Siddig jokes that despite his agents’ hopes that he would become a leading man, he is happy taking the supporting roles that give his career variety and help him avoid being pigeon-holed into a particular role or genre.

“I’m enjoying being a character actor but I do get the odd leading man part if I need my vanity pumped up a bit,” he says. “But [that means] I have to go to the gym, and I can’t be bothered to do that! All through Star Trek I wore a padded shirt with muscles in – the whole nine yards. I had the perfect six pack until I took my shirt off. Patrick Stewart [who played Captain Picard in various Star Trek franchises] and I enjoyed the extra muscles they gave us!”

Back in the 1990s, fan culture was not what it is today and Siddig says there was no way to predict how appearing in Star Trek: Deep Space Nine would impact his life, both at the time and some 20 years later.

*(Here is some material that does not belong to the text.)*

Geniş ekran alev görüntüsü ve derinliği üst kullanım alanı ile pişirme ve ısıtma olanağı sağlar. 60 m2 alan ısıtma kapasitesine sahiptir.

“Star Trek has become very cool but at the time it wasn’t,” he recalls. “Yet, of any one thing I’ve done, Star Trek has actually helped a lot of people. God knows how or why. Perhaps a lot of people were babysat by TV when they were kids, or felt excluded from society in some way or had a disability. Star Trek was really good for those people. I don’t know why, but they felt comfortable watching that show and got confidence from it. It gave them hope.

“I don’t know what alchemy or magic it is that show has – if people think it’s cheesy, I don’t care. It does really good work around the world. The amount of people who tell me Dr Bashir helped because he was like them – socially uncomfortable but passionate about what he did – there was something cool about that. It’s really gratifying, and if that doesn’t give you pride, I don’t know what will.”

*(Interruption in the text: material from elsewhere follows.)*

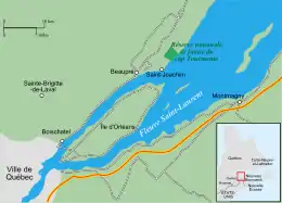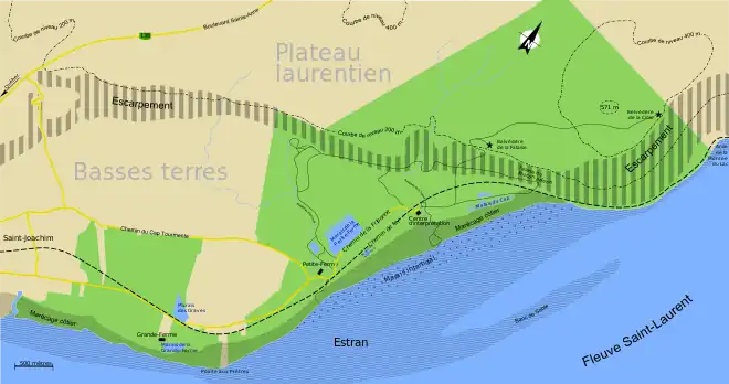 La réserve du cap Tourmente couvre 2 396 ha sur les berges de l'estuaire du Saint-Laurent à la rencontre des régions géologiques des basses terres du Saint-Laurent et du plateau laurentien[18]. La rencontre de l'escarpement du plateau et des premiers kilomètres de l'estuaire du fleuve provoque un microclimat où l'hiver est légèrement moins froid, mais plus humide que dans les régions avoisinantes et l'été plus frais[19]. On identifie quatre éléments géomorphologiques sur la réserve : la batture ou l'estran, la plaine, le plateau laurentien et, à la jonction du plateau et de la plaine, la zone de contact.

As the quantity and quality of international television drama booms, Siddig believes a “creative El Niño” is behind shows such as The Man in the High Castle and True Detective – series he doesn’t think would have been made five years ago.

“When I started as an actor, TV was looked at with such scorn,” he notes. “Now the shoe’s on the other foot while movies work out how to monetise their business again without making Batman 57. TV’s figured out people are happy to watch a six-hour movie, just in little bits. Or they’ll watch a 13-hour movie in one go in one weekend. TV is having its day but it’s not going to be dislodged any minute soon.”

And while he might do a movie “every couple of years,” Siddig is now moving into production through his own label, This Red Rock, and is developing the company’s first project, a TV adaptation of Zoë Ferraris’ novel City of Veils.

The story follows a policeman and a female forensic scientist who team up to investigate the murder of a young woman found on a beach in Jeddah, Saudi Arabia.

“Having been in the business for so long, there’s part of you that says you seem to be wasting part of yourself by not doing more,” Siddig explains. “Don’t just sit around waiting for the phone to ring!”

He adds of his forthcoming production: “It’s crime and it’s super-high-concept TV set in the desert. But, most importantly, it’s talking about the struggle of women in Saudi Arabia. Someone’s got to make that. This time next year, there will be a poster for City of Veils. We don’t know who’s going to broadcast it but we’re up and running.”